Facebook Seeks Devs To Make Linux Network Stack As Good As FreeBSD's
An anonymous reader writes Facebook posted a career application which, in their own words is 'seeking a Linux Kernel Software Engineer to join our Kernel team, with a primary focus on the networking subsystem. Our goal over the next few years is for the Linux kernel network stack to rival or exceed that of FreeBSD.' Two interesting bullet points listing "responsibilities": Improve IPv6 support in the kernel, and eliminate perf and stability issues. FB is one of the worlds largest IPv6 deployments; Investigate and participate in emerging protocols (MPTCP, QUIC, etc) discussions,implementation, experimentation, tooling, etc.
Look, this is FreeBSD ... why not just take their damned code?
It's not like you're not allowed to do that. That's what is great about the BSD license.
If FreeBSD's network stack is what you aspire to, why reinvent the wheel?
Lost at C:>. Found at C.
Insulting their work might not be the right way to get the best Linux kernel network engineers to join your company.

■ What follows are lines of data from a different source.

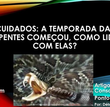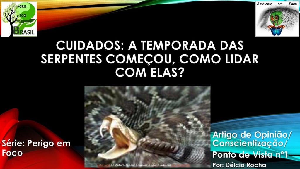 Portal AMBIENTEEMFOCO. ROCHA, D. C. C. Cuidado: Começou a Temporada de Serpentes, O que Fazer? Como Prevenir?. Disponível em: https://ambienteemfoco.com/cuidado-a-temporada-de-serpentes-comecou-o-que-fazer-como-prevenir. Série: Perigo em Foco. Artigo técnico/Conscientização/Ponto de Vista/ Opinião nº 1. Publicado em 2024. Acesso em DIA/ MÊS/ ANO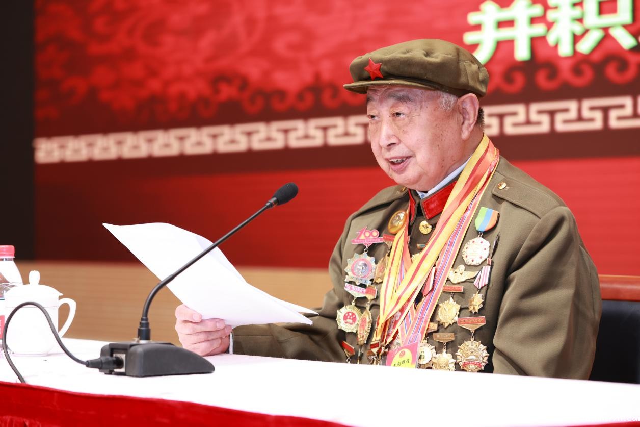 92岁高龄的孙佑民介绍了自己的革命经历。他8岁接受党的教育,当儿童团团长,为抗日队伍站岗放哨,积极宣传党的抗日主张。14岁成长为地方干部,直接从事抗日工作。16岁正式参军,经历了解放战争,参加过淮海战役、渡江战役和解放崇明、舟山群岛的战斗。1952年进入朝鲜东线战场,后按党的指示带领100多名优秀干部战士回国参加人民空军建设。从此开始了长达30多年的飞行战斗生涯,培训带飞新飞行员369名;两次架机飞临天安门,接受毛主席等党和国家领导人的检阅;还创造了空军史上单日飞行强度最高、单次飞行排险次数最多、安全飞行年限最长三项世界纪录。他希望师生们听党话、跟党走,立大志、明大德、成大才、担大任,成为中医药事业的优秀接班人。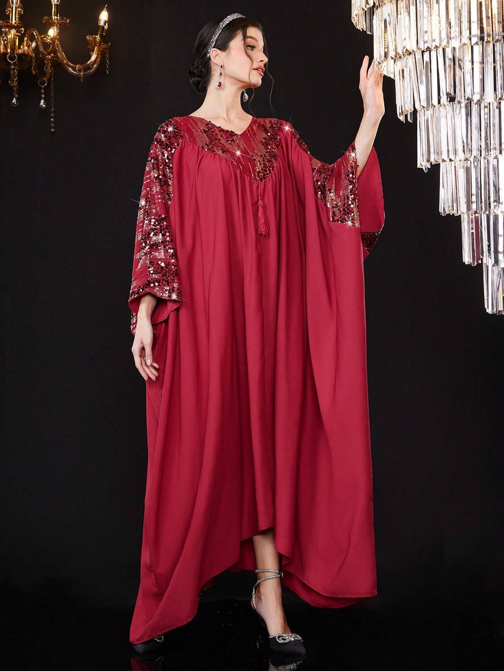 Burgundy Red Women's Kaftan With Glitter Patchwork And Tassel Decoration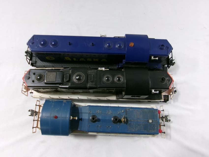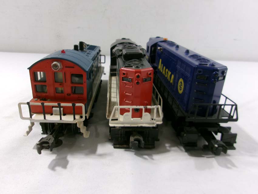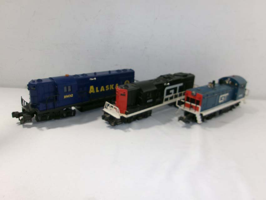 These are the #8761 GT SW Switcher Diesel Engine, the #8553 GT GP-9 Diesel Engine (postwar Chassis, no battery cover), and the #1802 Alaska RR GP-7 Diesel Engine that Lionel made a few years ago Our Opinion is that they are generally in Excellent Condition. No Boxes. Examine closely; wht at is pictured is what you will receive. Please add $50.00 for US-48 Shipping and Insurance (more west of the Mississippi).
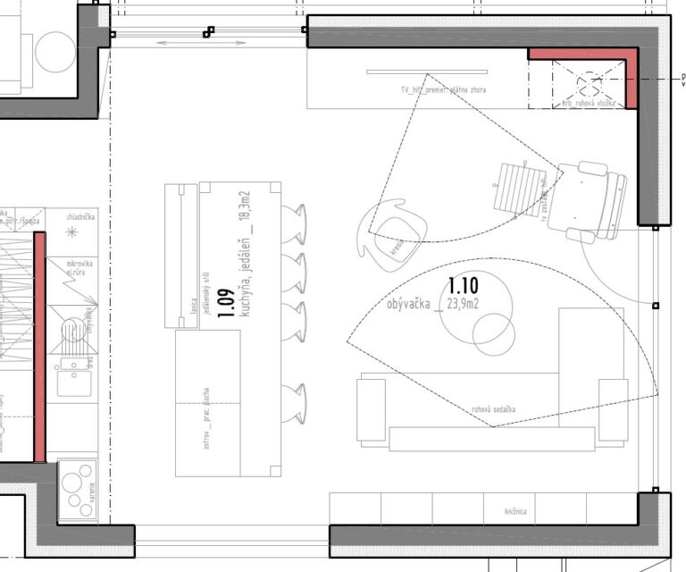 V porovnaní s malou vstupnou chodbou, či niektorou inou miestnosťou je to sakra rozdiel a my môžeme len dumať, či ešte vieme nejako tu akustiku lepšie zapracovať (v ostatných miestnostiach) tak, aby to bolo aj vizuálne prijateľné.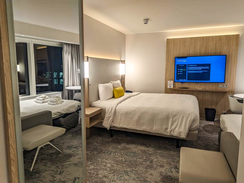 Profitant d’un statut Marriott Titanium, j’ai eu la chance de voir ma réservation d’une chambre standard se convertir en une chambre familiale à étage élevée (18e étage).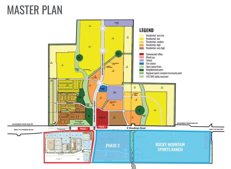 • 77 Acres – Phase 1 (West) available now • Strategic location between Falcon and Powers Blvd corridor • Signalized interchange at Woodmen & Banning Lewis Pkwy • North / South Connection to housing growth

If they've done a lot of work already on a custom kernel, it may not make sense to try porting all that work to completely different kernel architecture. They may have done a cost benefit analysis and decided that the cost of improving their current architecture is less than retrofitting FreeBSD. Not saying this is the case, just posing a possible scenario where this would be the better option.
It might be a silly question, but why don't they just use FreeBSD in that case?
You haven't heard? I'm sorry... My condolences, but the writing had been on the wall for a while though. Netcraft even confirmed it years ago...
*BSD is dying.
What makes the FreeBSD network stack superior?
I love FreeBSD, I support them financially every year, and I use it daily but it is not uniformly better than Linux. Hardware support, in particular, is very far behind. Two random examples:
1- My NAS system does not recognise any USB storage when they are plugged in after boot (no hotplug). It does not support USB superspeed (USB 3.0) either (I have to boot in compatibility mode by disabling xHCI in the BIOS). This is a known issue with some Asus motherboards, still unfixed in 10.0
2- FreeBSD does not install on some of my HP G6 servers. The kernel simply segfaults. I really wanted FreeBSD on this hardware, so I run it in a VM under Linux (using KVM). Has been running brilliantly for about 2 years now.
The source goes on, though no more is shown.